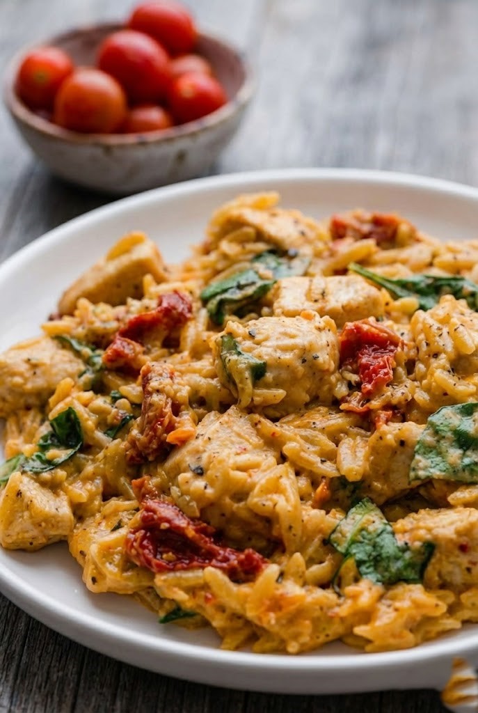 Once the orzo has softened, return the cooked chicken to the skillet. Stir in the halved tomatoes and baby spinach until the spinach wilts. The tomatoes will burst slightly, adding freshness to the dish. Let everything simmer for another minute so the flavors blend together.
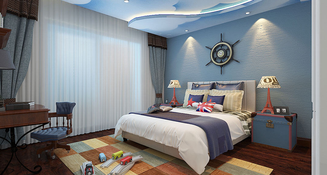 安納溪204㎡別墅男孩房美式風(fēng)格裝修案例效果圖
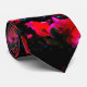 Bright red flower blossoms on black tie
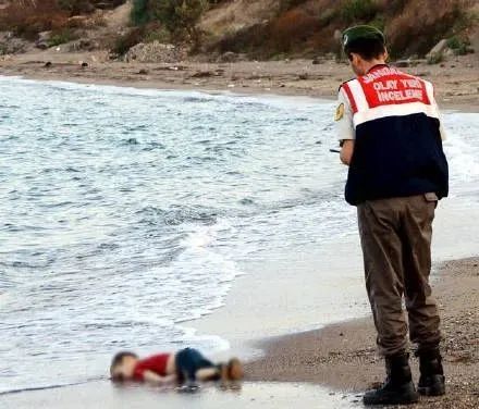 希臘海灘上,趴着溺亡的小孩臉埋進砂礫中,小小的身體被海浪一遍遍拍打。
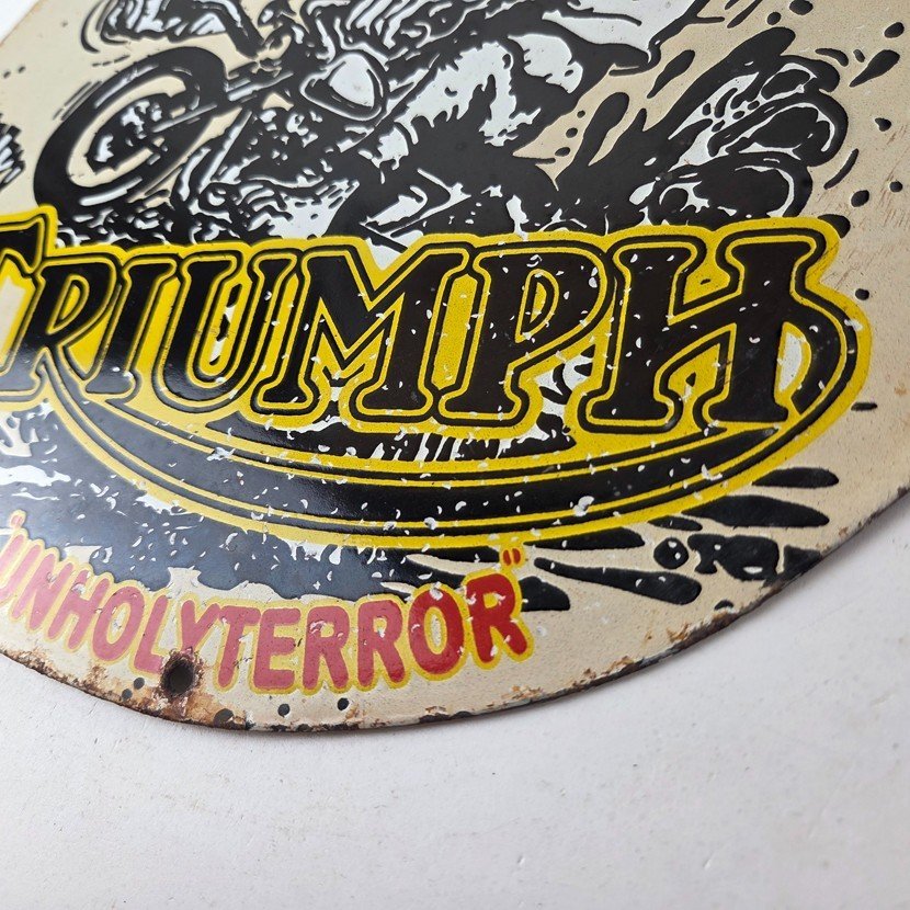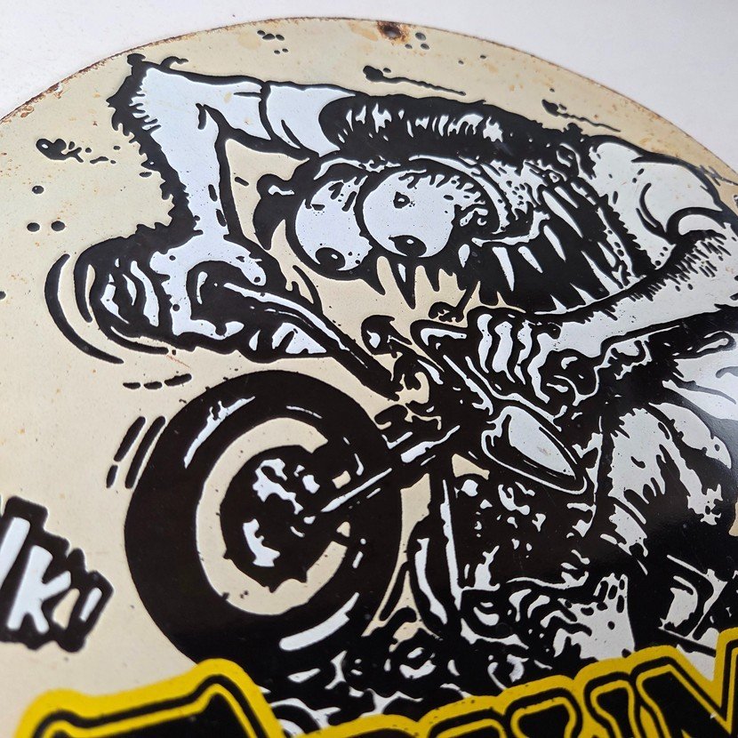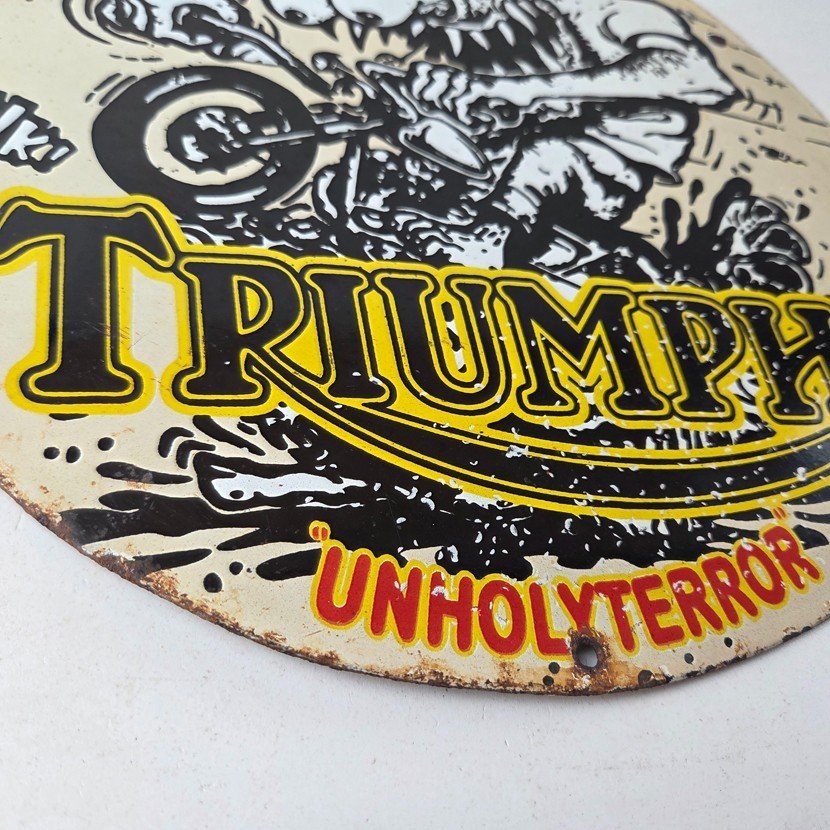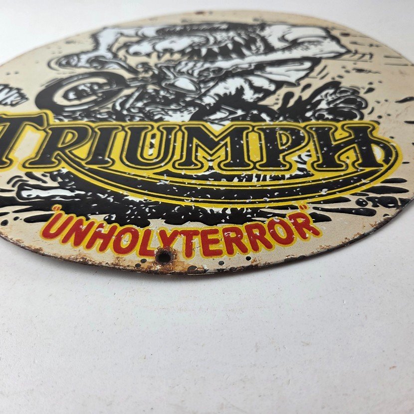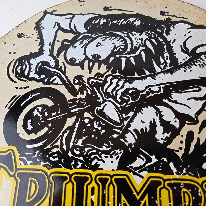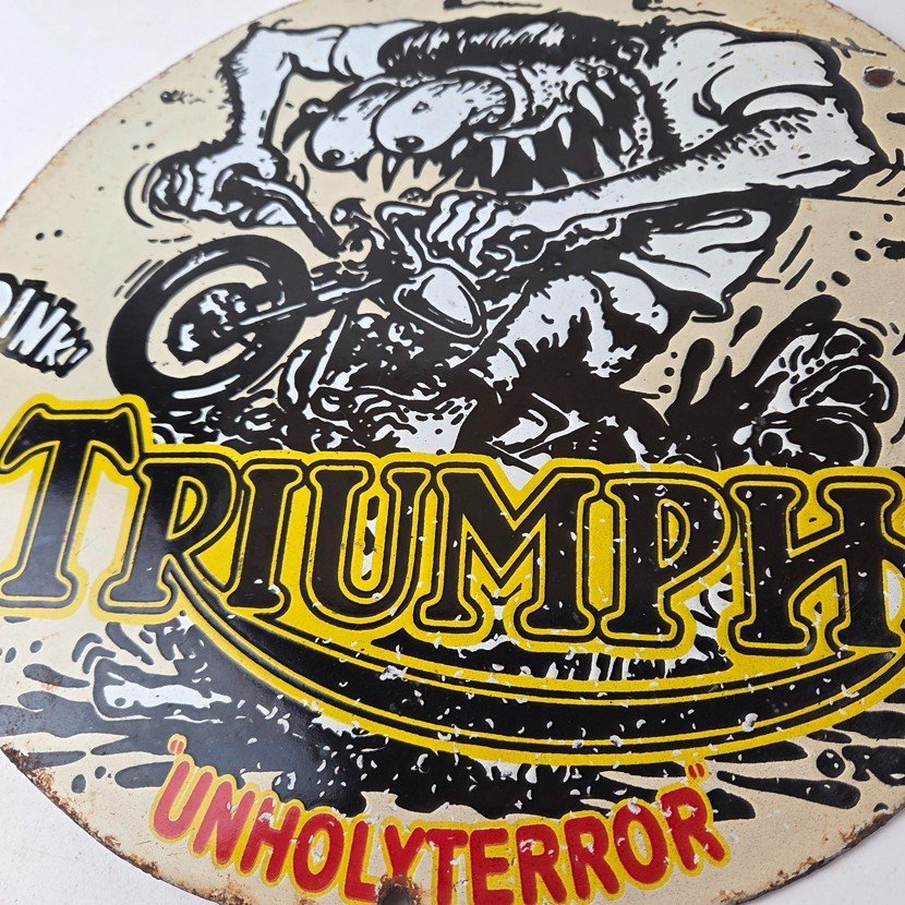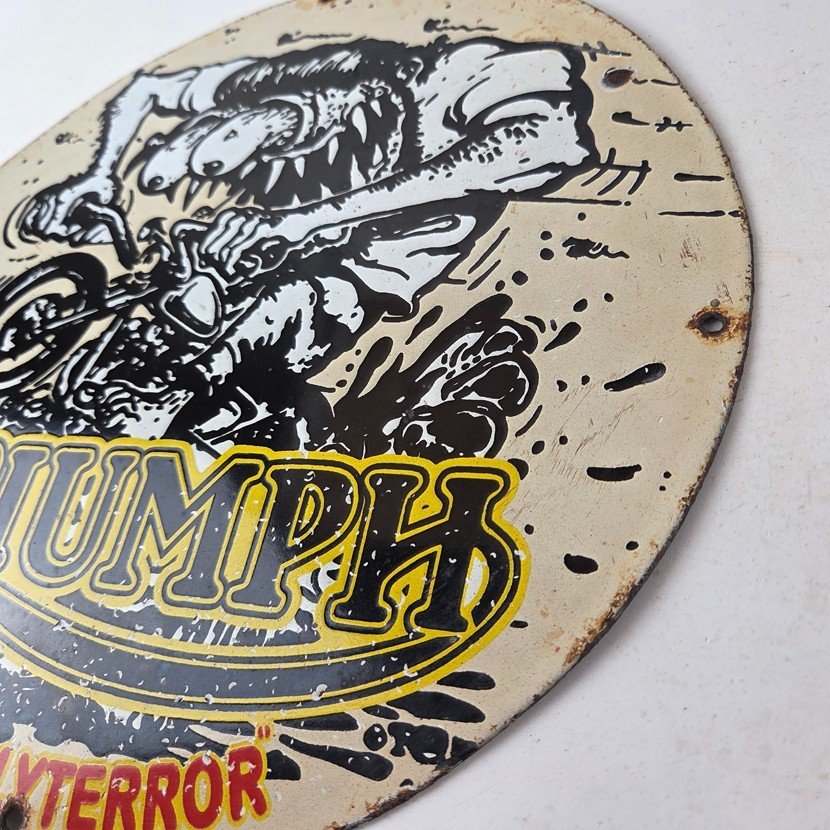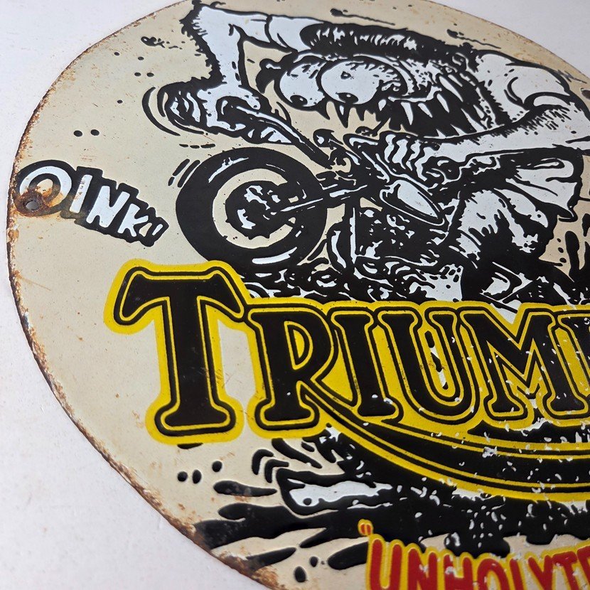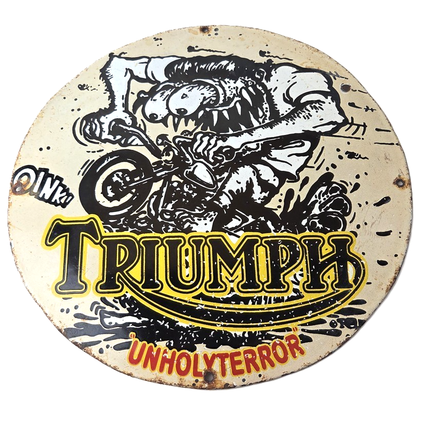 Vintage Triumph Rat Fink Unholy Terror Porcelain Sign – Monster Bike Sign

◆ ◆ ◆ ◆ ◆ ◆ ◆

TASK OBJECTIVE >> Your job is to restate, word for word, only the lines from the one holding "Bright red flower blossoms on black tie" through the end of the material; pictures stay out.

REPLY >>
 Bright red flower blossoms on black tie
 希臘海灘上,趴着溺亡的小孩臉埋進砂礫中,小小的身體被海浪一遍遍拍打。
 Vintage Triumph Rat Fink Unholy Terror Porcelain Sign – Monster Bike Sign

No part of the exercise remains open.